Второй букет украсил мое прошлое в день рождения той же самой девочки, и он пришелся на летний, нестерпимо солнечный день. Таких дней в детстве бывает много (и может быть, девочка была другой, и я объединяю их для удобства). Свет журчал в сухом воздухе и сплошной зелени, как тянучее веселье головокружения. В автобусе, везущем на праздник, я оказался прямо под этим светом и сидел, слезливо жмурясь и надувая щеки. Не было на солнце обиды, наоборот, казалось, что когда я ускользну из-под ослепления, то рассмеюсь, и потому разбрызгивал заранее копящуюся радость. Но когда мы въехали в темно-синюю тень высотного дома, вместе с мучительным светом с головы сняло и восторг, и пришла какая-то особая серьезность в сонливой и бездарной пустоте. Таким вот озабоченным я явился к той все еще малознакомой (как это и осталось до сих пор) имениннице. Замешательство в коридоре, девочка с любопытством осматривала половицы. «Ага!» — сказала она, когда нам посоветовали пройти в ее комнату поиграть. Там с замедленной улыбкой она долго убирала из кресла бесчисленных кукол, сама села в него, пока я вверх ножками переворачивал стулья, чтобы поиграть в плаванье, как играл у себя. Мы быстро вспомнили, как это бывает у детей, ощущение последней встречи (не важно — друг с другом или с другими детьми) и продолжили их. Наскоро доплыв до мыса Горн, в самый отчаянный момент — мы сели за пианино, чтобы сыграть в четыре руки. Я, играть не умеющий, конечно, баловался и подражал, сбивая ее безупречные гаммы. Потом воровали изюм из салатов со стола до начала трапезы. Ее папа запаздывал. Он то ли застрял на работе, то ли ехал из другого города, а может, — как это кажется сейчас, — жил в другом доме. Она с секундным оцепенением оборачивалась на любое упоминание его имени и потом, приоткрыв рот, в рассеянном дыму задумчивости возвращалась к нашей игре. Мы еще совершили новый налет на стол, когда все взрослые вдруг внезапно удалились на улицу — кто курить, кто продышаться. Это был соревновательный обход всех подряд стаканов, у Мартовского кролика доедалась гуща компота, у Шляпника оставалась еще прозрачная урина лимонада, и везде пузырилась соленая минералка.
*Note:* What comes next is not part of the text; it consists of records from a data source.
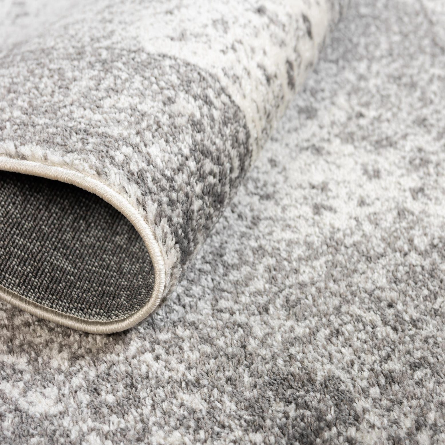 Primary color is Gray. Colors in this rug include: Gray, Ivory.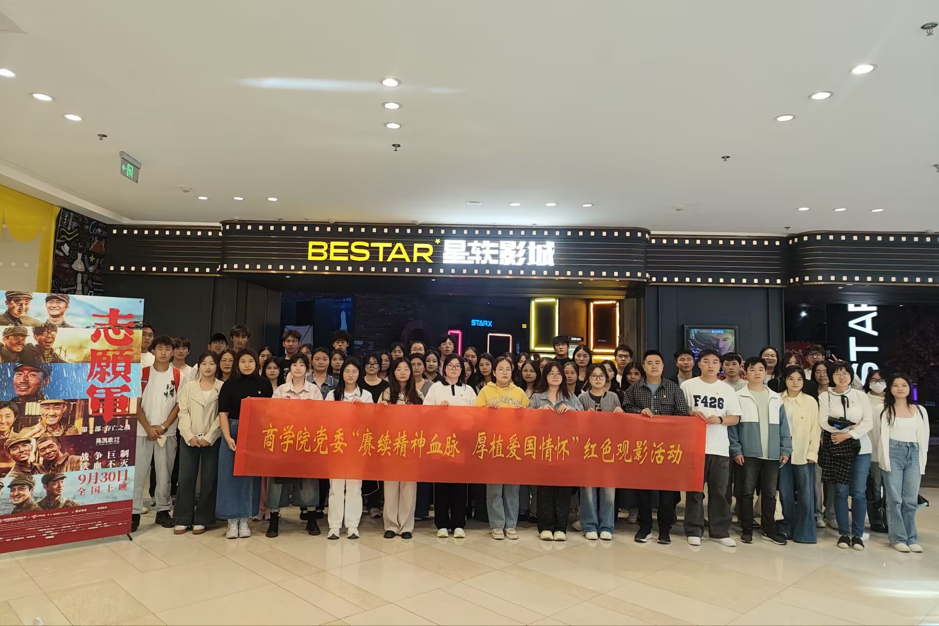 为庆祝中华人民共和国成立75周年,弘扬爱国主义精神,涵养家国情怀,增强师生的民族自豪感和国家荣誉感,11月1日,商学院党委组织师生党员开展“赓续精神血脉 厚植爱国情怀”红色观影活动,集体观看爱国主义影片《志愿军:存亡之战》。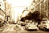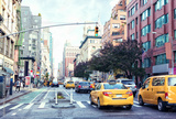 Traffic on Manhattan's avenue ( Ladies' Mile Historic District) in the day-time, New York City, United States. Toned image.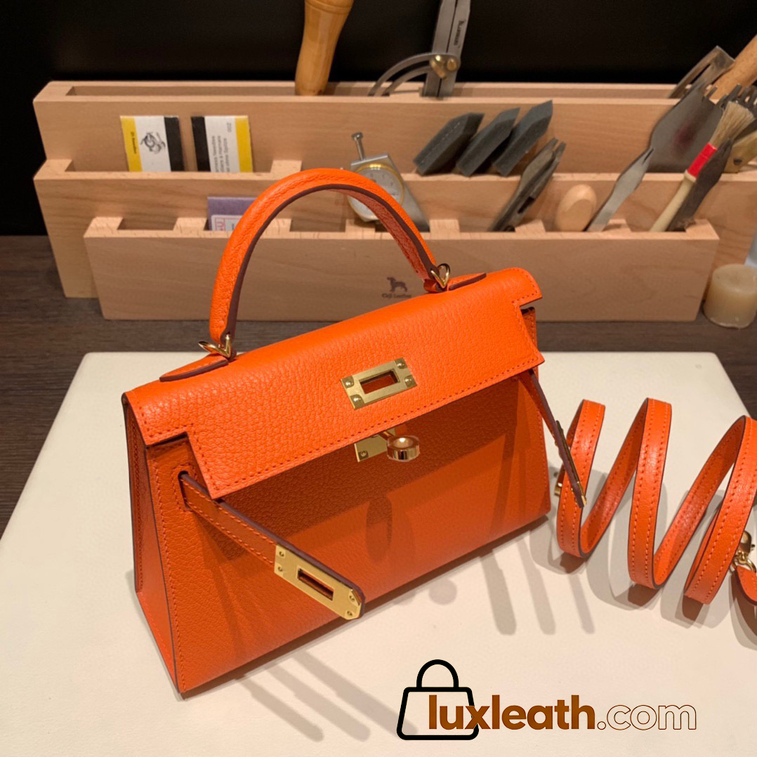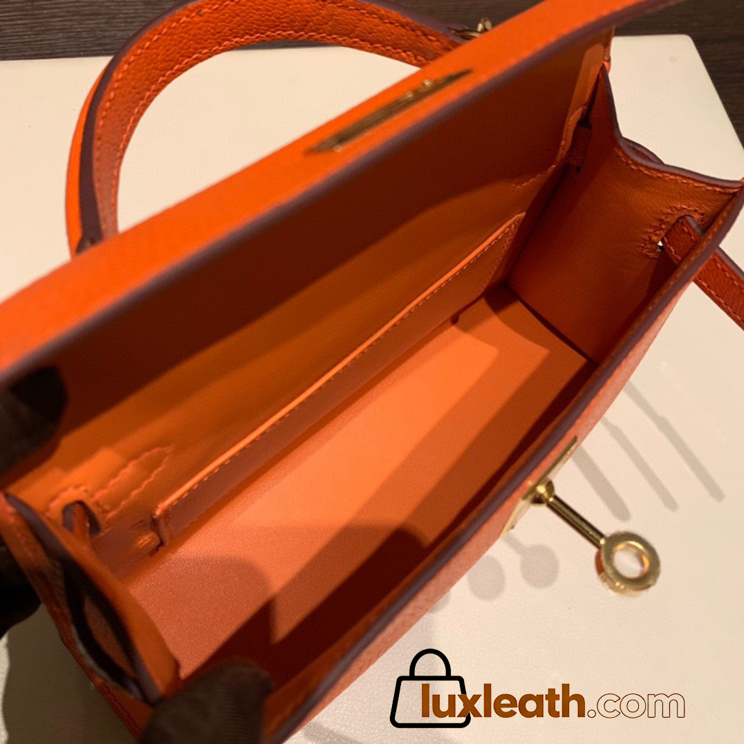 Hermes kelly20 chevre 19cm93 /Orange Gold Hardware Full Handmade kellymini-035

Вдруг она захрипела, ее рука, держащая хрустальную рюмку, была мокрой, она старалась отплеваться от едкой жидкости и смотрела на меня напуганными глазами. «Это водка», — шипела она, с ужасом, будто совершила первый свой грех. Я вручил ей собранную для себя фруктово-минеральную смесь и думал, наблюдая ее скорое излечение, что допить чужую рюмку сам не решусь, зато до зависти хотелось вот так же случайно ее в себя опрокинуть.
Широкое окно открывалось с первого этажа в листья отцветшего жасмина, — изумрудная стена, как будто ты не в городе, а на даче. Совсем рядом звучали говор и смех наших близких. Мы сели под столом, на котором с дробным танцем покачивались вазы с салатами и фруктами. Вдруг она уверенно и непривычно внятно — с какой-то легкой газовой прелестью в глазах — сказала: «Папа идет!» В этот самый момент в окне с водяным шелестом возник белый и розовый ком из огромных нежных цветов и со вздохом и с мгновенным запахом лег на подоконник в облаке оседающих лепестков.